▶ Work instruction: Each image should be skipped while the records are restated word for word.
★ ★ ★ ★
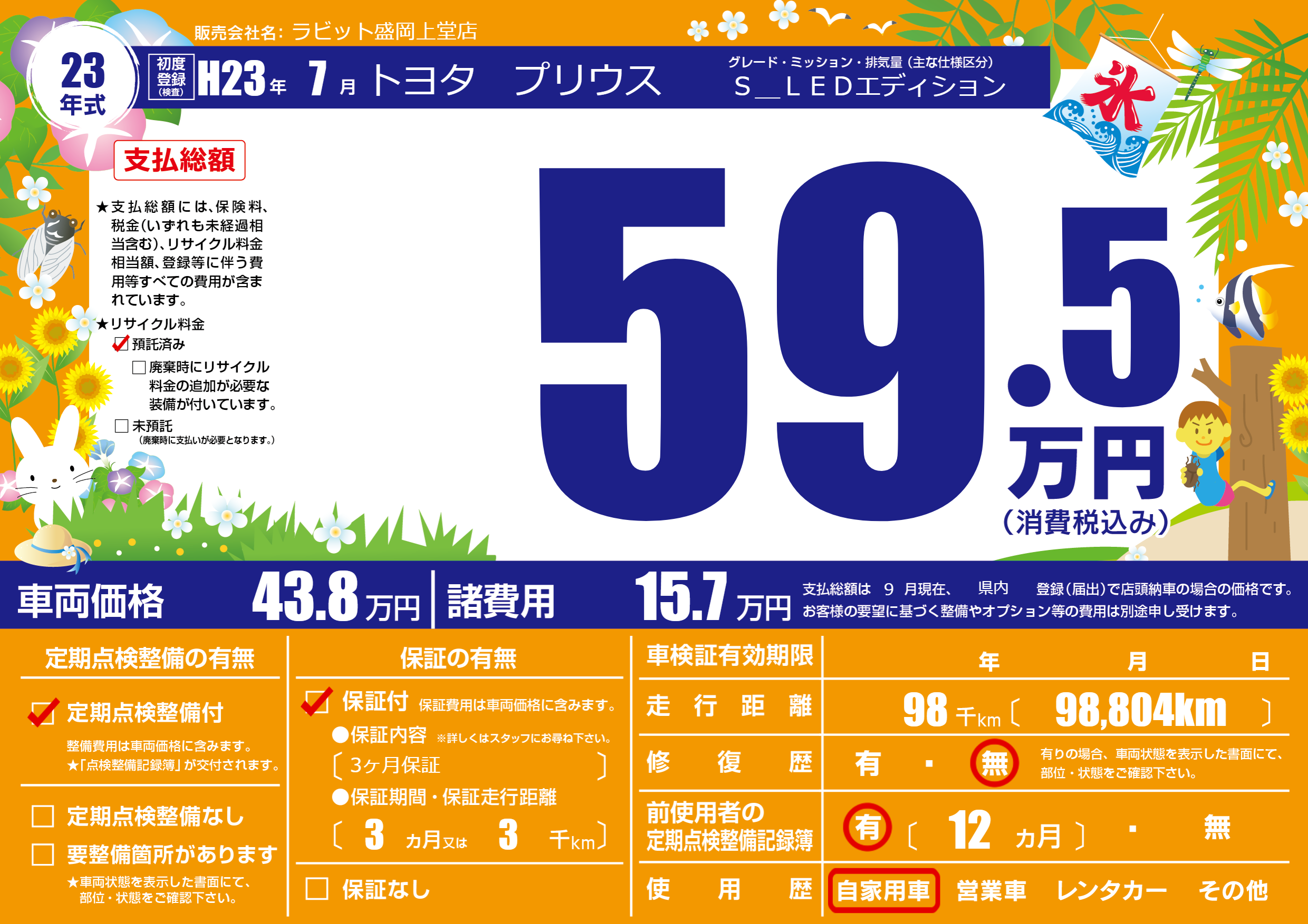 | 走行キロ | 9.8万km | 初年度登録 | H23年7月 |
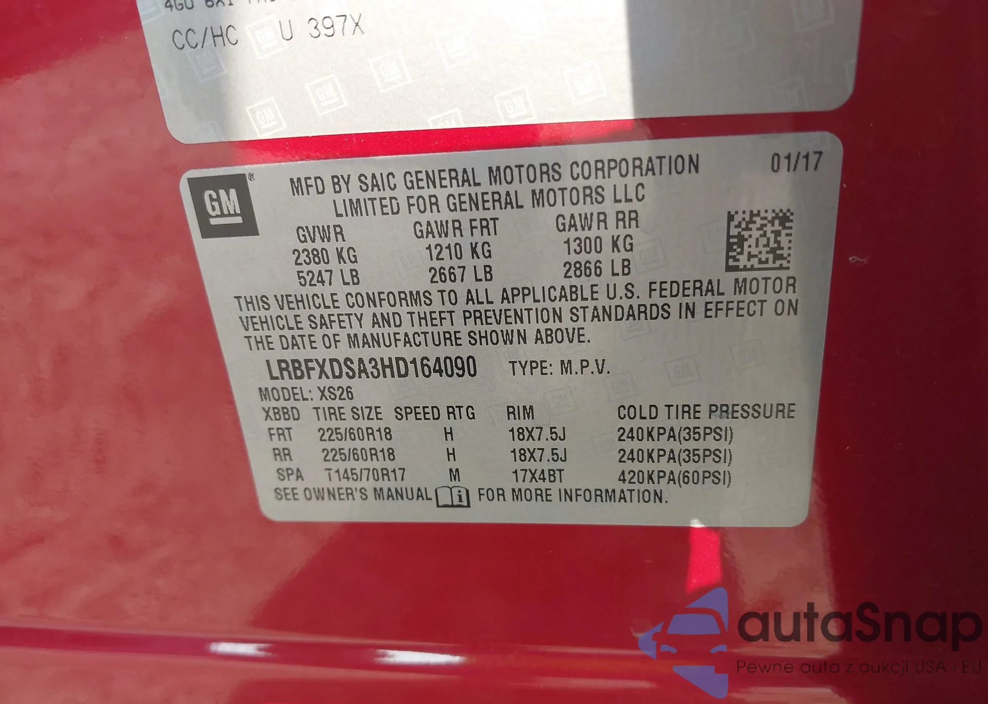 • VIN LRBFXDSA3HD164090
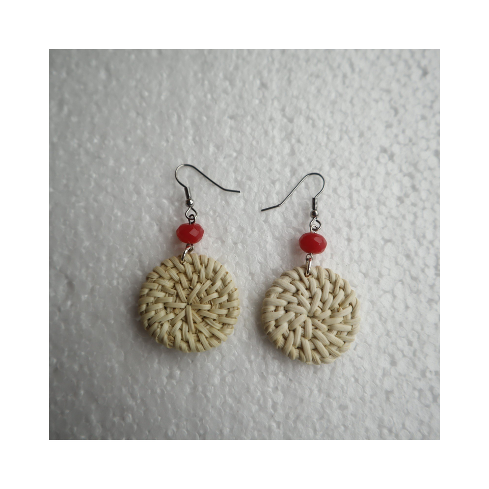 ต่างหูหวายไม้ไผ่สานด้วยมือแฟชั่นต่างหูฟางไม้ทอแบบโบฮีเมียนพู่ห้อยต่างหูสำหรับเด็กผู้หญิง/ผู้หญิง
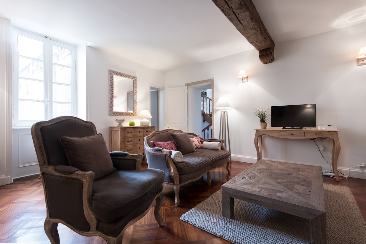 Stille i hjertet av La Rochelle Velkommen til La Rochelle, du er i et hus oppført i oversikten over historiske monumenter. Det finnes ca. 14.300 kommuner i Frankrike. Ideelt plassert i hjertet av det historiske sentrum av La Rochelle, er denne sjarmerende leiligheten en duplex på 100 m2 med foreldresuite. Den drar nytte av en dobbel eksponering som gjør den veldig lys og ikke gir på gaten roen som hersker der, noe som innebærer ingen støyplager, ingen fester, respekt for nabolaget.
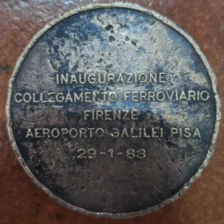 Medalla conmemorativa de la inauguración de conexión ferroviaria entre el aeropuerto Galileo Galilei de Pisa y Florencia, con fecha 29 de enero de 1.983. - Diseño detallado del rostro de Galileo Galilei.
★ ★ ★ ★
▶ Solution to the exercise:
 | 走行キロ | 9.8万km | 初年度登録 | H23年7月 |
 • VIN LRBFXDSA3HD164090
 ต่างหูหวายไม้ไผ่สานด้วยมือแฟชั่นต่างหูฟางไม้ทอแบบโบฮีเมียนพู่ห้อยต่างหูสำหรับเด็กผู้หญิง/ผู้หญิง
 Stille i hjertet av La Rochelle Velkommen til La Rochelle, du er i et hus oppført i oversikten over historiske monumenter. Det finnes ca. 14.300 kommuner i Frankrike. Ideelt plassert i hjertet av det historiske sentrum av La Rochelle, er denne sjarmerende leiligheten en duplex på 100 m2 med foreldresuite. Den drar nytte av en dobbel eksponering som gjør den veldig lys og ikke gir på gaten roen som hersker der, noe som innebærer ingen støyplager, ingen fester, respekt for nabolaget.
 Medalla conmemorativa de la inauguración de conexión ferroviaria entre el aeropuerto Galileo Galilei de Pisa y Florencia, con fecha 29 de enero de 1.983. - Diseño detallado del rostro de Galileo Galilei.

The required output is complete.